Big Firm Litigators Heading to Boutiques


Ward Bower
I picked up this story on the Texas LawBook. The move by big firm litigators heading to small firms is caused by of conflicts, clients unwilling to pay big-firm rates and the ambience of smaller offices.

In-house counsel, legal recruiters and law firm management experts say there is a fundamental shift in the practice of business litigation in Texas. More than 40 large firm partners and associates in Austin, Dallas and Houston made lateral moves to litigation boutiques during the first four months of 2012, according to research by The Texas Lawbook.

Texas Lawbook says that big law firm litigation sections have been slowly shrinking during the past decade. Some are half the size they were in 2000. Meanwhile, litigation boutiques, which often specialize in areas such as employment law, intellectual property or securities matters, are booming.

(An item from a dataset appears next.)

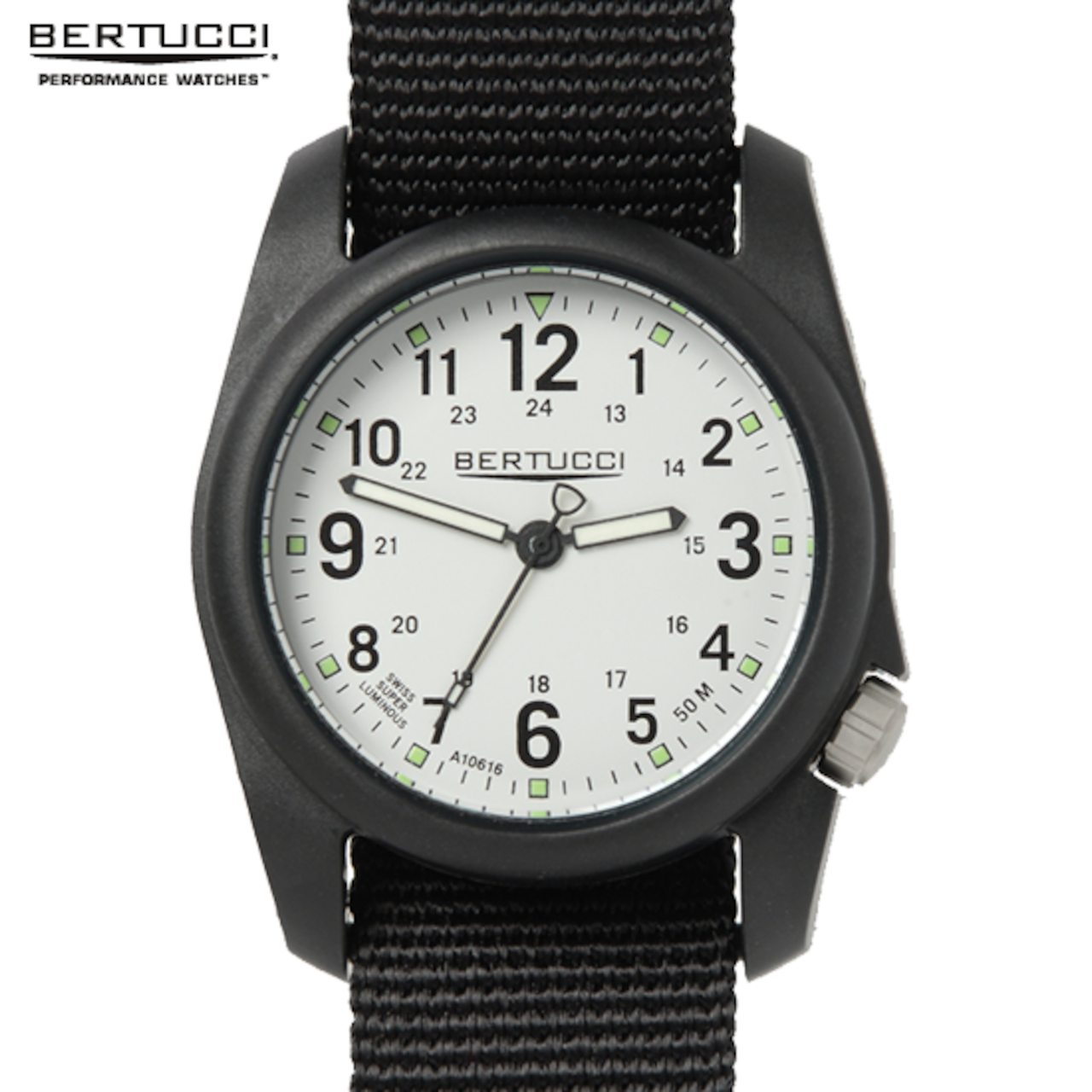 文字盤:24時間表示、スイス製スーパールミノバ蛍光塗料

Affected big law firms include:

  • Vinson & Elkins
  • Fulbright & Jaworski
  • Locke Lord

“Major corporate firms are seeing clients take their litigation work to litigation boutiques, and the lawyers at those major law firms are leaving to follow the work,” said Ward Bower, Altman Weil principal and consultant.

Businesses such as AT&T Inc., Dell Inc. and energy companies have become increasingly sensitive to litigation fees.

“Most large, full-service law firms have overpriced themselves, and most businesses simply cannot afford $800 or $900 an hour,” said Michael Lynn of Lynn Tillotson. “We’ve deliberately priced ourselves at $650 an hour, and we clearly are not starving. We are busier than we have ever been.”

He gets about 30 résumés a year from lawyers at large law firms who want out.

“The two primary inhibitors to business development for a litigator at a major law firm are inflexible rate structures and client conflicts of interests,” said Sherrard “Butch” Hayes, former Fulbright parner-in-charge, now a partner at Weisbart Springer Hayes in Austin.

Legal recruiters and consultants told Texas LawBook that few of these lawyers are pushed out of their large corporate firms. But the firms aren’t necessarily begging them to stay, and they certainly aren’t replacing them with other litigators.